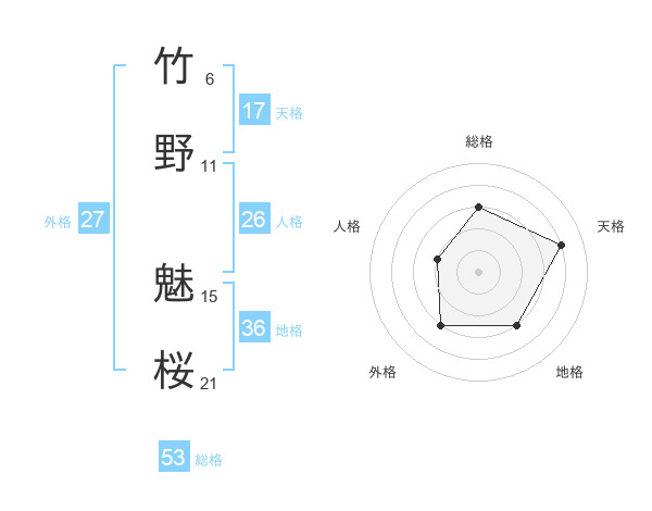 竹野 魅桜さんの総格は53画の3点!
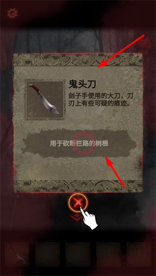 2、获取鬼头刀,它是刽子手使用的大刀,刀刃有可疑痕迹,可用于砍断拦路的树根。
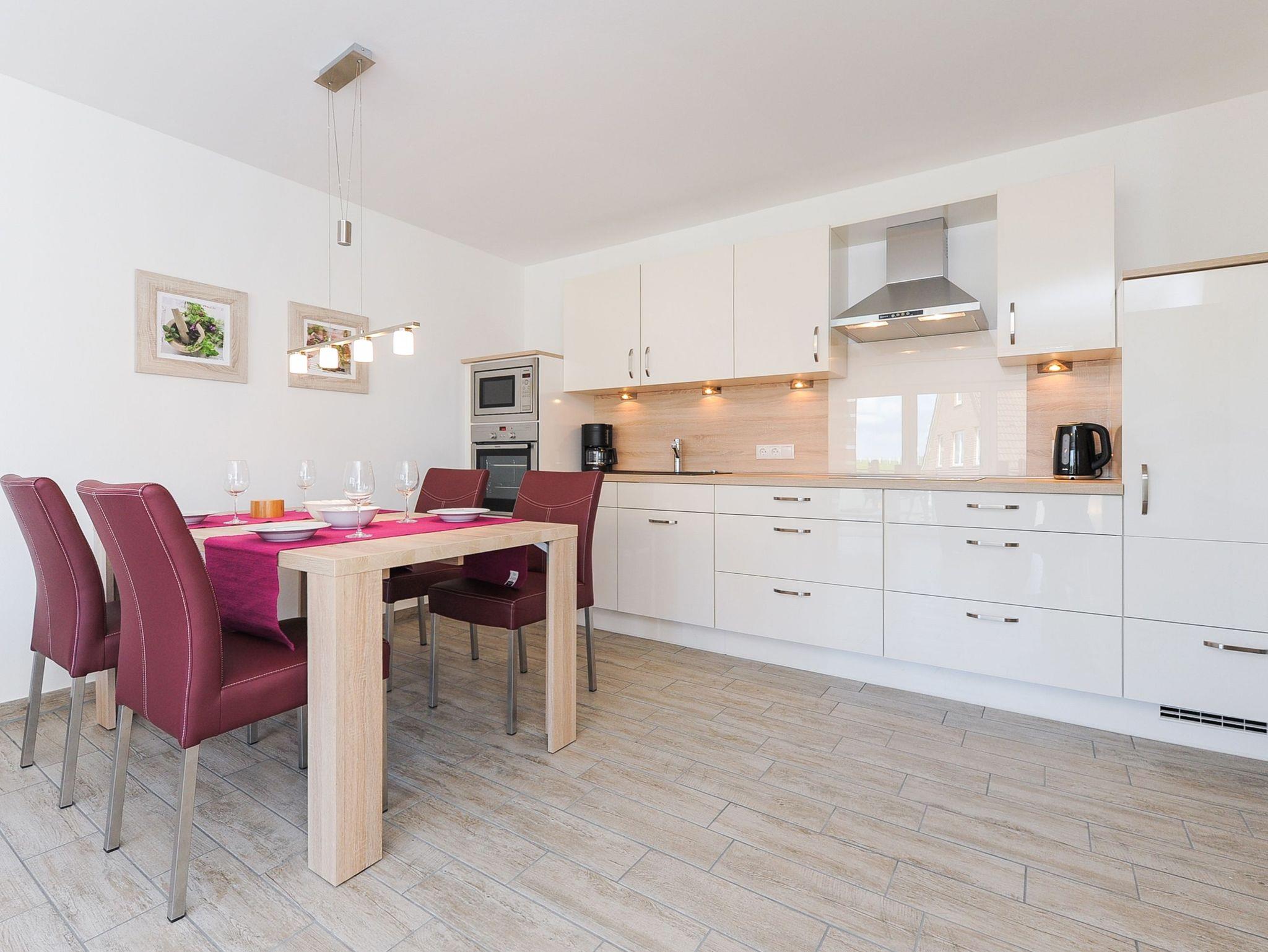 Die großzügige und ungefähr 76 Quadratmeter große Ferienwohnung Strandflieder in der „Residenz an der Nordseetherme“ für zwei bis vier Personen ist auf sehr hohem Standard, gemütlich-modern, sehr komfortabel und freundlich eingerichtet und gestaltet sowie technisch auf hervorragendem Stand ausgerüstet.
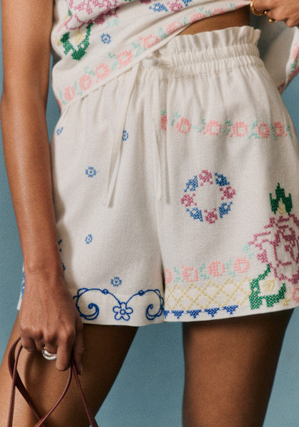 Embroidered Floral Two - Piece Set
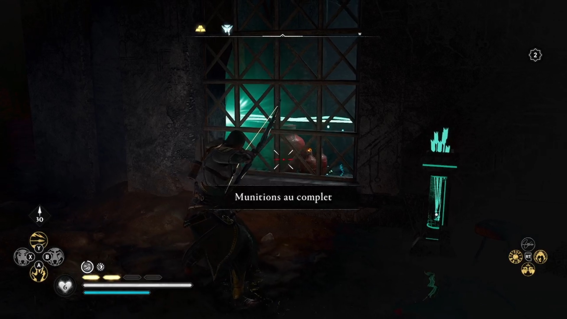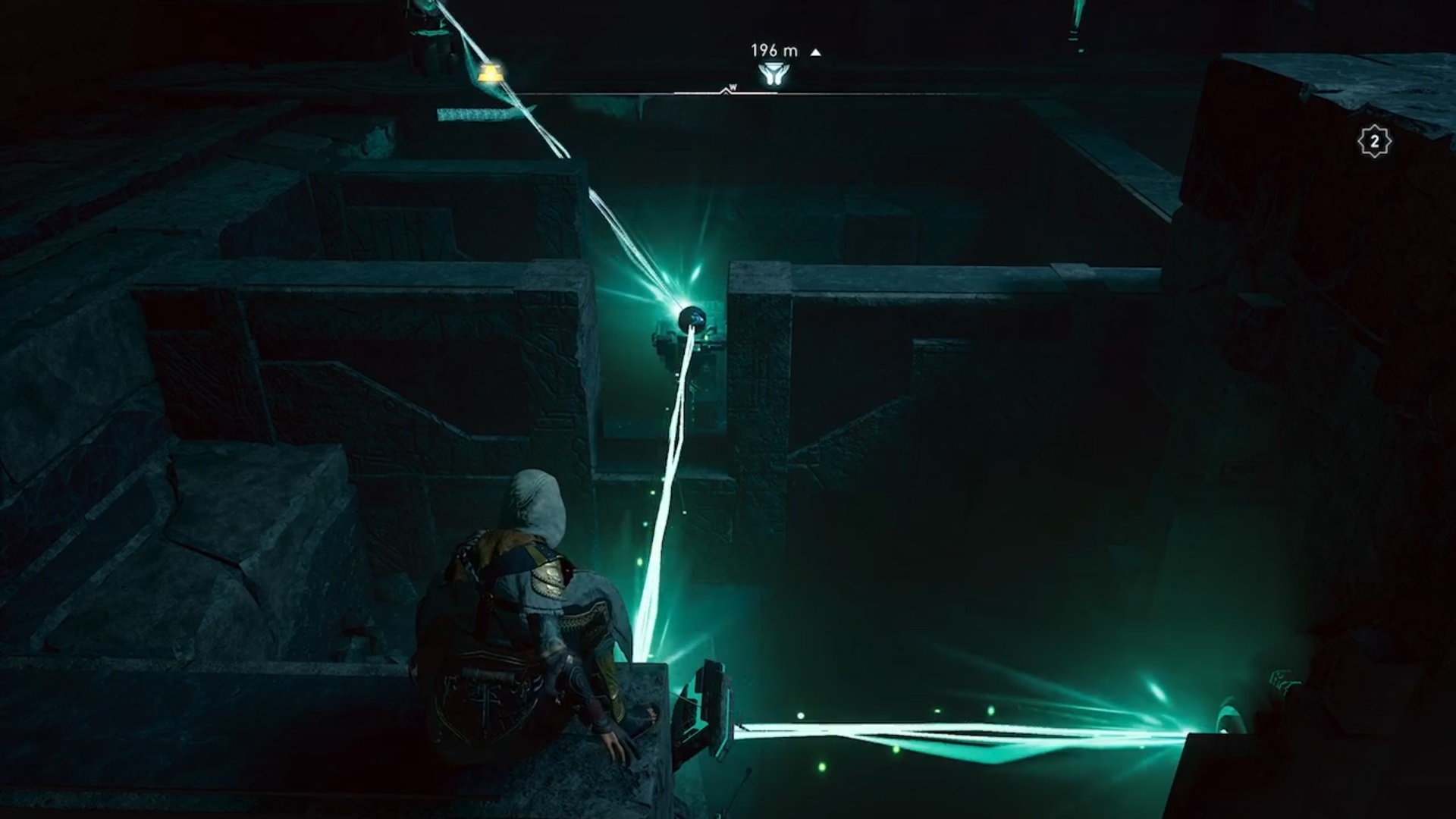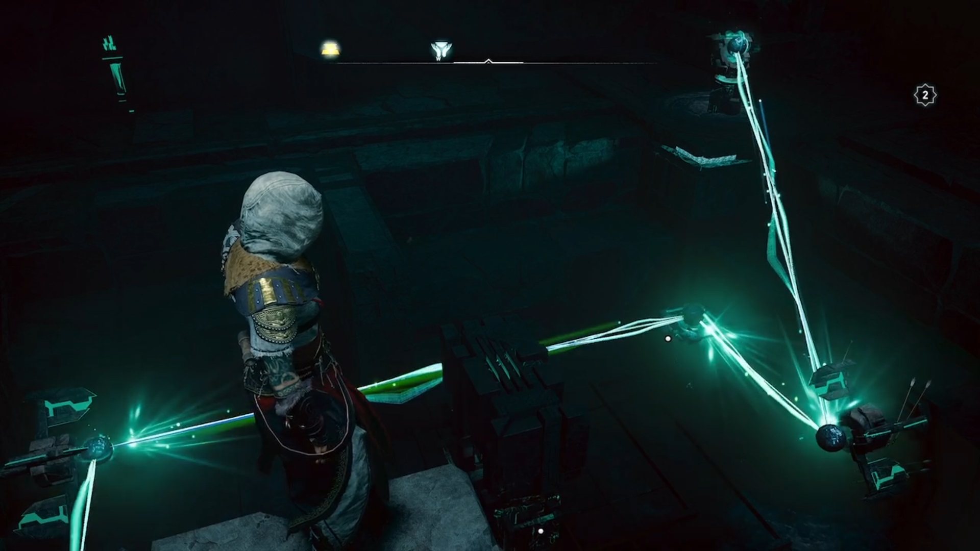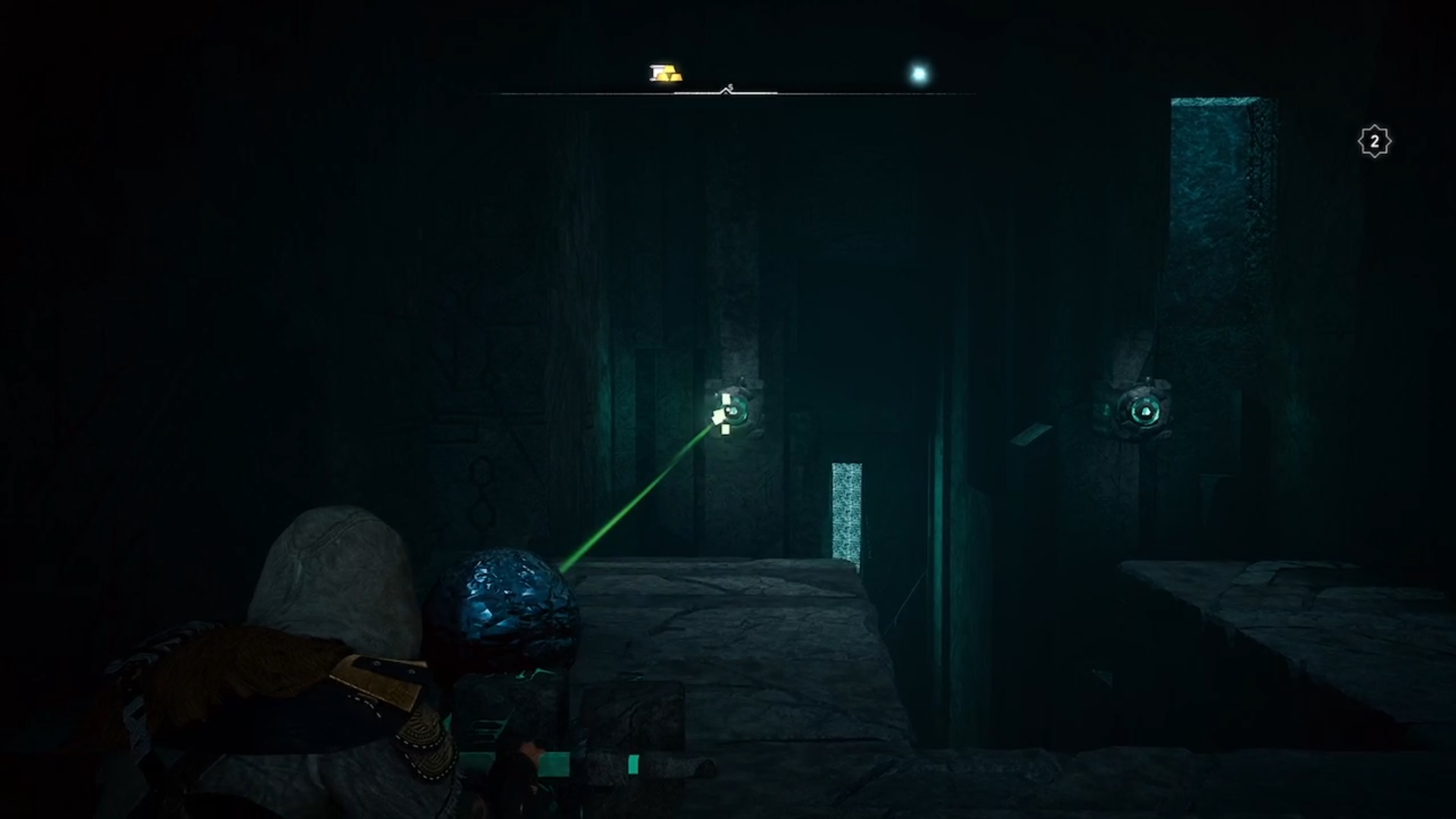 Dans la troisième salle, détruisez les planches de bois et guidez la lumière vers l’interrupteur en déplaçant les obstacles. Eivor tombe à l’étage inférieur où vous devez guider deux faisceaux de lumières vers deux interrupteurs pour déverrouiller une orbe. Le premier faisceau de lumière est caché derrière un mur. Tirez sur les jarres pour faire jaillir la lumière. Suivez-la et déplacez les obstacles l’empêchant d’avancer. Le deuxième faisceau est caché au-dessus d’un échafaudage. Conduisez les lumières vers les interrupteurs pour déverrouiller l’orbe. Avec l’orbe en main, déverrouiller la troisième et dernière porte.
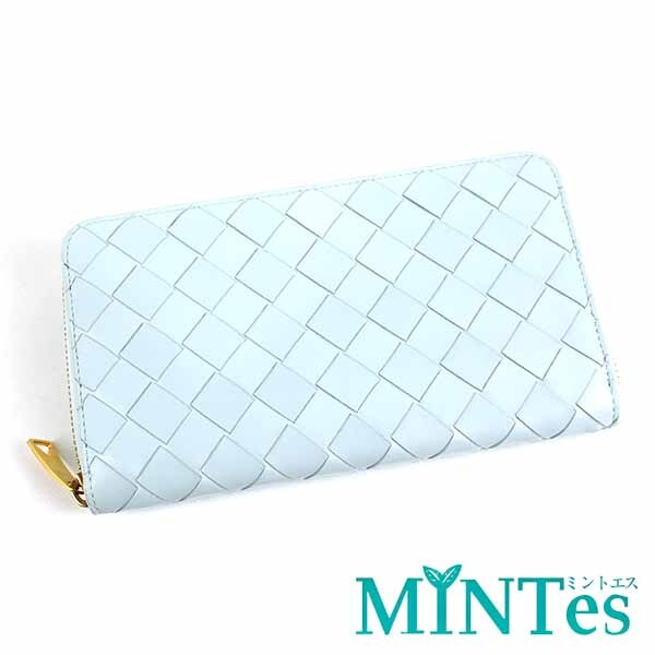 - Bottega Veneta ボッテガヴェネタ イントレチャート ラウンドファスナー長財布 ライトブルー レザー スタイリッシュ 網目模様 ブルー
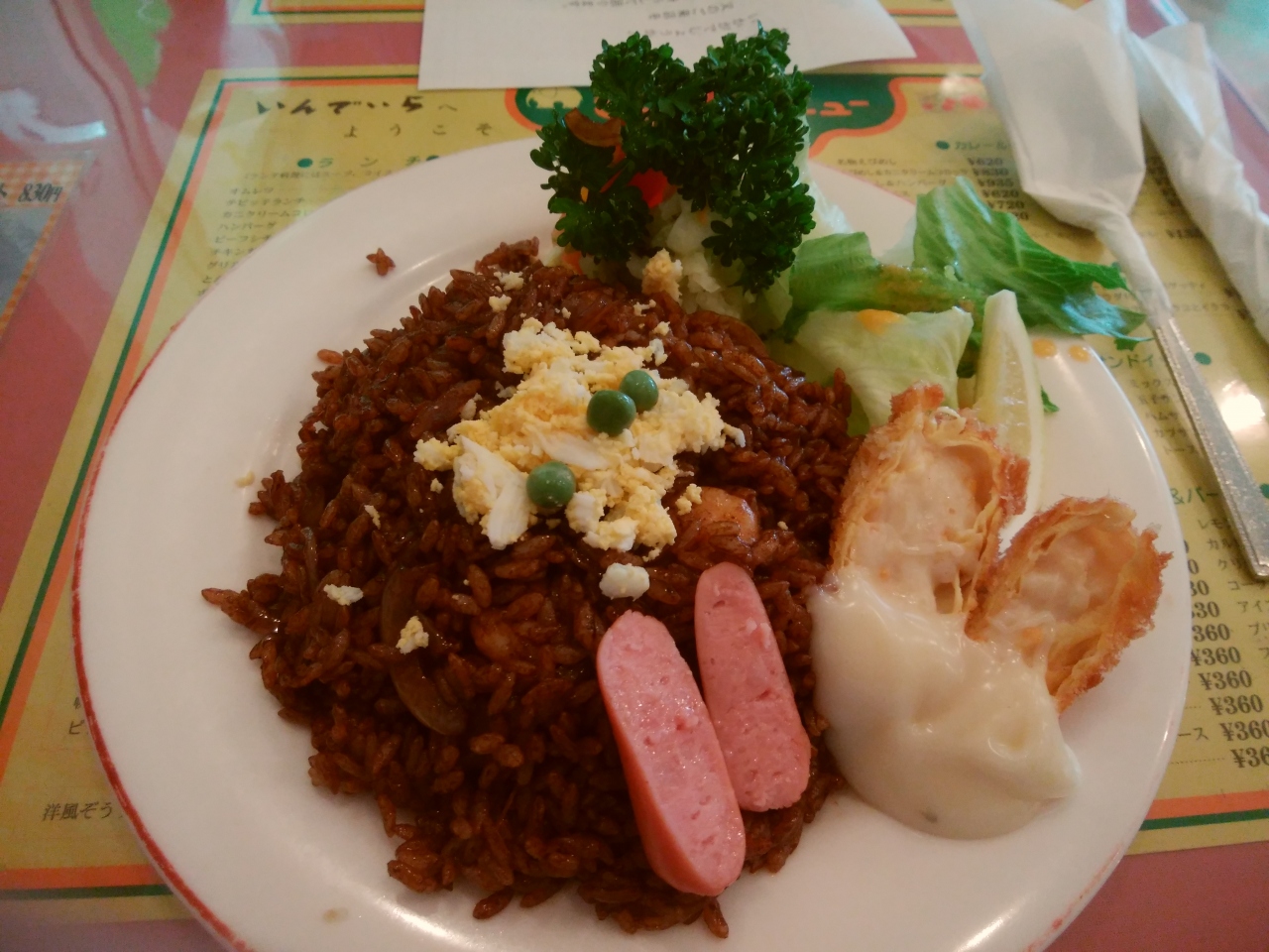 岡山名物のえびめしが売りだ。TVの特集で知ったが、もともと東京のあるレストランの従業員が故郷の岡山で店舗展開し、えびめしをもたらしたという。「いんでいら」はそのうちの一店だろう。メニューはランチ、スープ、サラダ、スパゲッティ―、ピザ、カレー、ドリンクとファミリーレストラン的な展開だ。えびめしは、というとカレーに分類されていた。ソース味の焼きめしといったところだろうか。単品が620円、カニコロッケをトッピングすると830円、ハンバーガーをトッピングすると935円となる。店は地域スーパーの1階にあるタイプで、テーブル席が店内に広がっている。

Task objective.
Transcribe the data completely. No pictures should appear in the transcription.

Finished task.
 竹野 魅桜さんの総格は53画の3点!
 2、获取鬼头刀,它是刽子手使用的大刀,刀刃有可疑痕迹,可用于砍断拦路的树根。
 Die großzügige und ungefähr 76 Quadratmeter große Ferienwohnung Strandflieder in der „Residenz an der Nordseetherme“ für zwei bis vier Personen ist auf sehr hohem Standard, gemütlich-modern, sehr komfortabel und freundlich eingerichtet und gestaltet sowie technisch auf hervorragendem Stand ausgerüstet.
 Embroidered Floral Two - Piece Set
 Dans la troisième salle, détruisez les planches de bois et guidez la lumière vers l’interrupteur en déplaçant les obstacles. Eivor tombe à l’étage inférieur où vous devez guider deux faisceaux de lumières vers deux interrupteurs pour déverrouiller une orbe. Le premier faisceau de lumière est caché derrière un mur. Tirez sur les jarres pour faire jaillir la lumière. Suivez-la et déplacez les obstacles l’empêchant d’avancer. Le deuxième faisceau est caché au-dessus d’un échafaudage. Conduisez les lumières vers les interrupteurs pour déverrouiller l’orbe. Avec l’orbe en main, déverrouiller la troisième et dernière porte.
 - Bottega Veneta ボッテガヴェネタ イントレチャート ラウンドファスナー長財布 ライトブルー レザー スタイリッシュ 網目模様 ブルー
 岡山名物のえびめしが売りだ。TVの特集で知ったが、もともと東京のあるレストランの従業員が故郷の岡山で店舗展開し、えびめしをもたらしたという。「いんでいら」はそのうちの一店だろう。メニューはランチ、スープ、サラダ、スパゲッティ―、ピザ、カレー、ドリンクとファミリーレストラン的な展開だ。えびめしは、というとカレーに分類されていた。ソース味の焼きめしといったところだろうか。単品が620円、カニコロッケをトッピングすると830円、ハンバーガーをトッピングすると935円となる。店は地域スーパーの1階にあるタイプで、テーブル席が店内に広がっている。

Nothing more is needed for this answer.